Au jardin en janvier 2020

La météo : octobre, novembre et décembre ont clôturé en douceur l’année 2019, par des pluies régulières et abondantes en cumul. Et 2019 a battu à nouveau les records de chaleur et de sècheresse. L’objectif de limiter le réchauffement climatique en 2030 à + 1°5, paraît bien difficile à respecter !!! La 1ère quinzaine de janvier s’annonce douce et humide, le froid est plutôt attendu en fin de mois.

Les outils de jardinage à moteur : tondeuse, débroussailleuse, motobineuse, motoculteur, taillehaie,… doivent pouvoir démarrer facilement et en toute sécurité dans les prochaines semaines. Profiter de l’hiver pour faire l’entretien du matériel ou le confier à un professionnel : moteur, lames, couteaux, fraises.

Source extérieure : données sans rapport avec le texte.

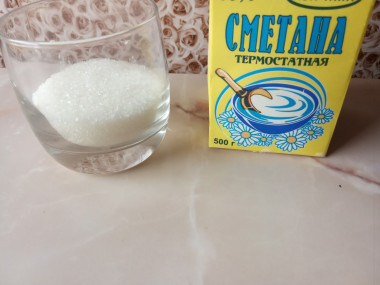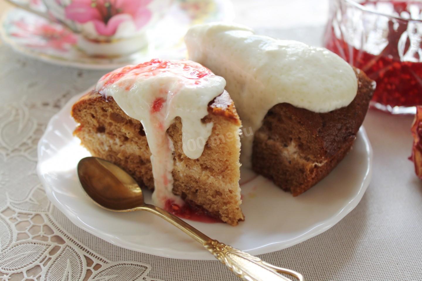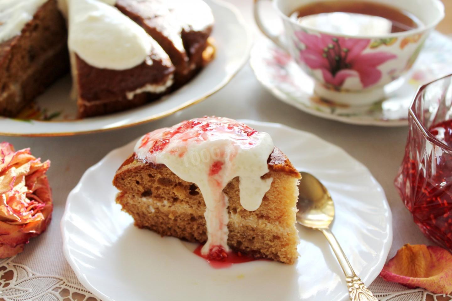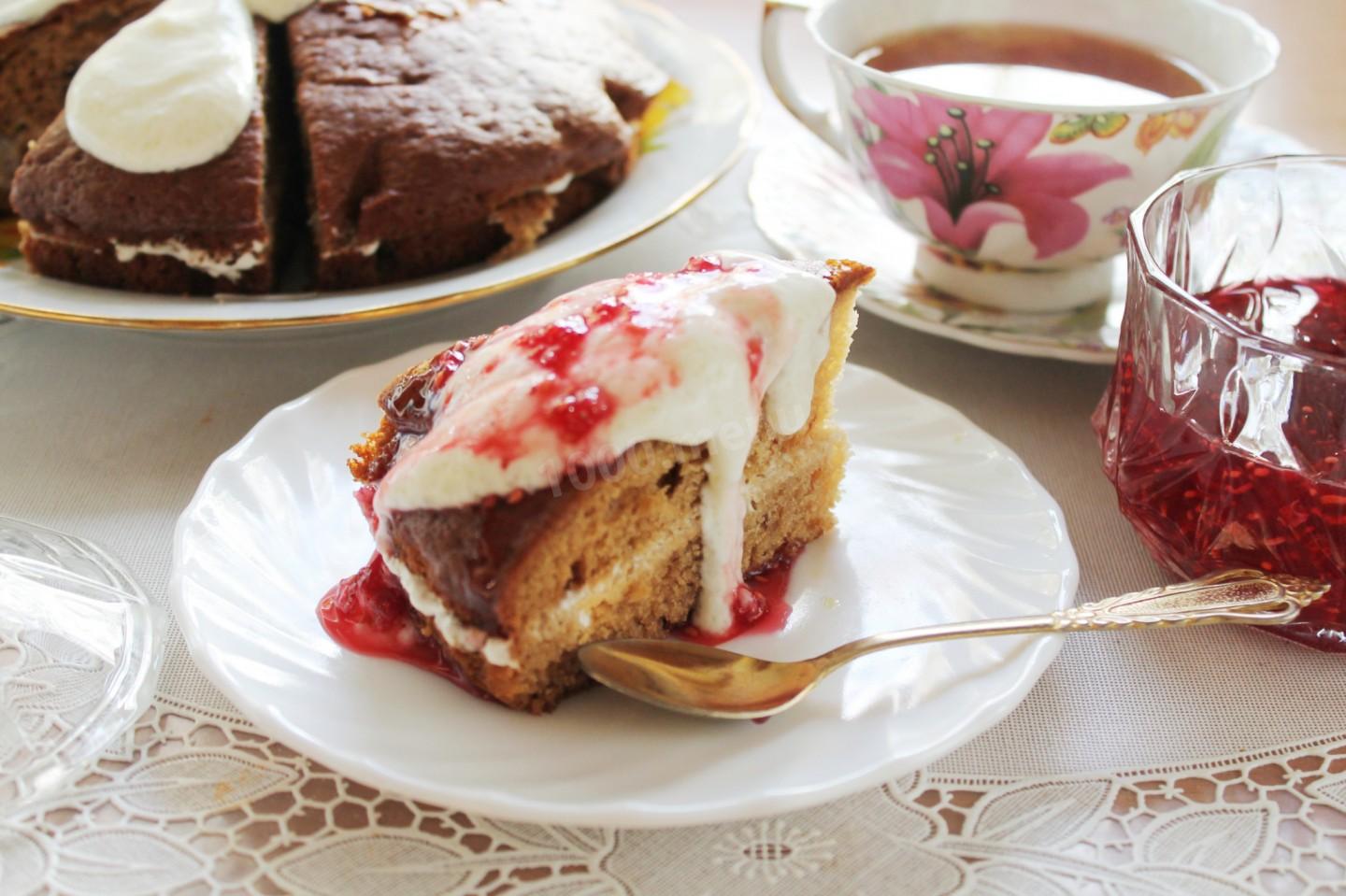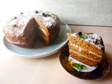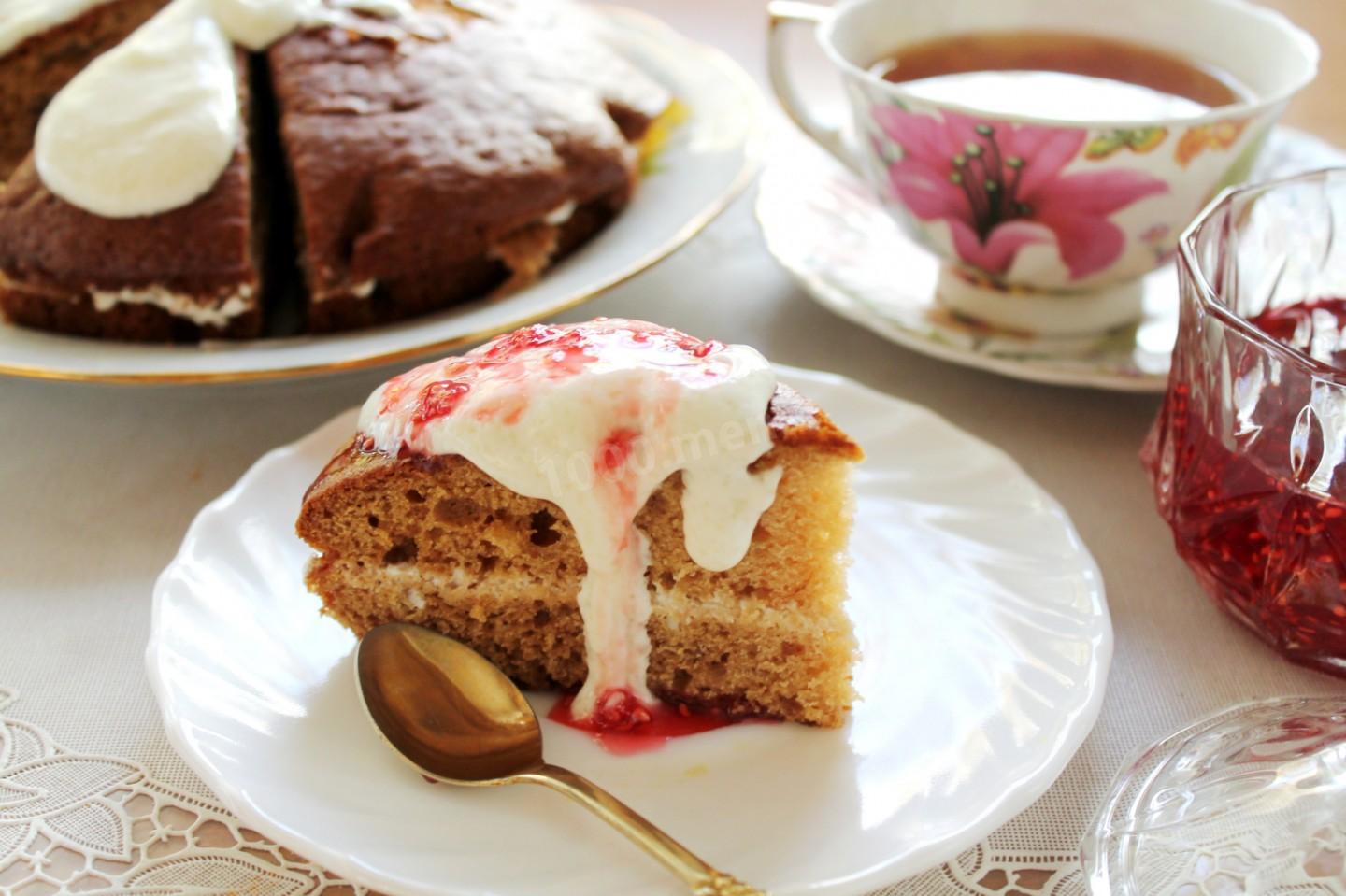 Смажьте коржи сметанным кремом - произвольно смешайте сметану с сахаром и хорошо взбейте. Подавайте пирог к чаю.

Les outils à main : vérifier les manches et les remplacer si besoin. Passer une huile de lin sur le bois des manches pour les protéger. Aiguiser les tranchants des fers avec une lime à métaux. Huiler les fers pour les protéger de la rouille : l’huile de vidange convient tout à fait pour cela. Et ranger tous les outils à l’abri.

La lune : sera pleine le 10. Par rapport à la ligne d’horizon, elle est montante jusqu’au 9, descendante jusqu’au 22 (favorable pour l’ail à planter) puis montante à nouveau, jusqu’au 6 février.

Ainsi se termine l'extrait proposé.